The Kenyan economy has capped the end of 2015 on a high note with latest government data showing the country’s economy expanded by 5.8 per cent during the third quarter of 2015 compared to 5.2 per cent recorded during a similar period in 2014.
Provisional estimates of Gross Domestic Product released by the Kenya National Bureau of Statistics, (KNBS) on Tuesday showed that growth was mainly supported by agriculture, construction, financial and insurance sectors as well as wholesale, retail trade, transport and storage.
The World Bank, the International Monetary Fund and the National Treasury had late this year all trimmed Kenya’s 2015 growth forecast due to the volatile shilling, weak revenues and sluggish exports.
However according to the KNBS statistics, the construction industry recorded the fastest growth of 14.1 per cent followed by mining and quarrying, electricity supply and financial and insurance with growths of 12.5 per cent, 11.0 per cent and 10.1 per cent, respectively. These shored up the economy.
Accommodation and food services (hotels and restaurants), however, continued on the decline that started last year.
The data shows that during the quarter, most of the macro-economic indicators remained relatively stable.
Inflation eased to an average of 6.14 per cent from 7.54 per cent recorded in the corresponding quarter of 2014 mainly due a fall in transportation costs in line with the global decline of oil prices.
“Globally, Murban ADNOC crude oil prices halved to average at $51.05 per barrel during the quarter under review compared to $103.9 in the same quarter of 2014.
Domestically, the retail prices for light diesel declined by 20.0 per cent over the same period,” said KNBS.
The statistics showed that in the money market, the Kenyan shilling strengthened against the Euro, Yen, South African Rand, Ugandan shilling and the Tanzanian shilling but weakened against the US Dollar and the Sterling Pound during the third quarter of 2015 compared to a similar period in 2014.
At the same time, despite an increase of the Central Bank Rate (CBR), the statistics showed that the weighted interest rates on commercial banks loans and advances declined by 0.61 percentage points to average at 15.79 per cent during the quarter under review compared to 16.40 per cent in the same quarter of 2014.
“The CBR was adjusted from 8.50 per cent, that prevailed in the first half of 2015, to 10.0 per cent in June and later to 11.5 per cent in July 2015,” KNBS said.
However, the volume of stocks traded at the Nairobi Securities Exchange (NSE) declined significantly to an average of 4,251 shares compared to 5,100 shares traded during a similar quarter of 2014.

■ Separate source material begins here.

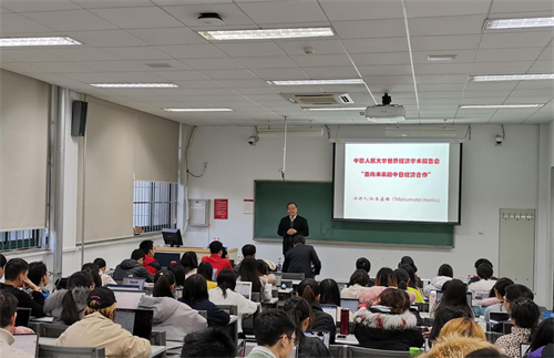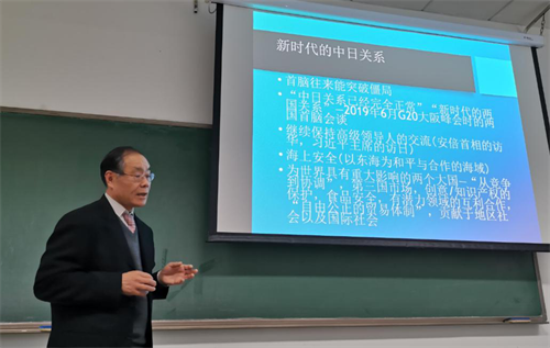 2019 年 11 月 27 日下午,由Hcoimc 太平洋经济研究所主办的“面向未来的中日经济合作”讲座在公共教学三楼 3104 成功举办。原日本驻中国大使馆领事部长、驻香港总领事馆经济部长、驻沈阳总领事馆总领事、驻巴布亚新几内亚大使松本盛雄(Matsumoto morio)教授为一百余名听众带来了关于中日关系的精彩讲座。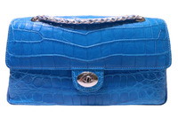 Женская сумка из натуральной крокодиловой кожи голубого цвета, сумка в стиле Шанель размер сумки 11 дюймов. Ширина-27см. Высота-16см. Толщина -9см. Для пошива сумок данной модели используется натуральная кожа сиамского крокодила брюшная часть. Крокодиловая кожа высокого качества выделки и окраса, кожа мягкая, упругая и эластичная, очень приятая на ощупь. На лицевой поверхности сумки распложен откидывающийся вверх лицевой клапан, в нижней части клапан крепится на поворотный замок. Все внешние части сумки: лицевой клапан, лицевая поверхность под клапаном, обратная часть сумки, дно и боковые вставки, все эти поверхности выполнены из натуральной крокодиловой кожи. В верхней части сумки устроен плечевой ремень, плечевой ремень в виде металлической цепочки оплетенной кожей теленка, цвет кожи теленка подобран под цвет крокодиловой кожи. Плоским карманам на молнии крокодиловая сумка внутри разделена на два отделения, для дополнительного удобства пользования внутри сумки устроены удобные карманы, накладные и карман на молнии. В качестве материала подклада использована натуральная кожа теленка, цвет кожи теленка подобран под цвет крокодиловой кожи.

During the review period, the value of total exports increased by 23.2 per cent while the import bill declined by 9.7 per cent, resulting to narrowing of the current account deficit by Sh86.5 billion compared to the same quarter in 2014.
Ahead of the release of the statistics, National Treasury Cabinet Secretary Henry Rotich exuded optimism of a better year ahead for the economy insisting it will exhibit resilience in the face of global shocks.
“Looking ahead in 2016 and near-term, our economy will remain resilient and we should see our economy growing by at least over 6 per cent on the back of favourable weather, recovery in tourism, and continued strong investment as the business environment improves.
Completion or near-completion of several infrastructure projects initiated by the Jubilee administration including the standard gauge railway should accelerate growth,” he told the Nation.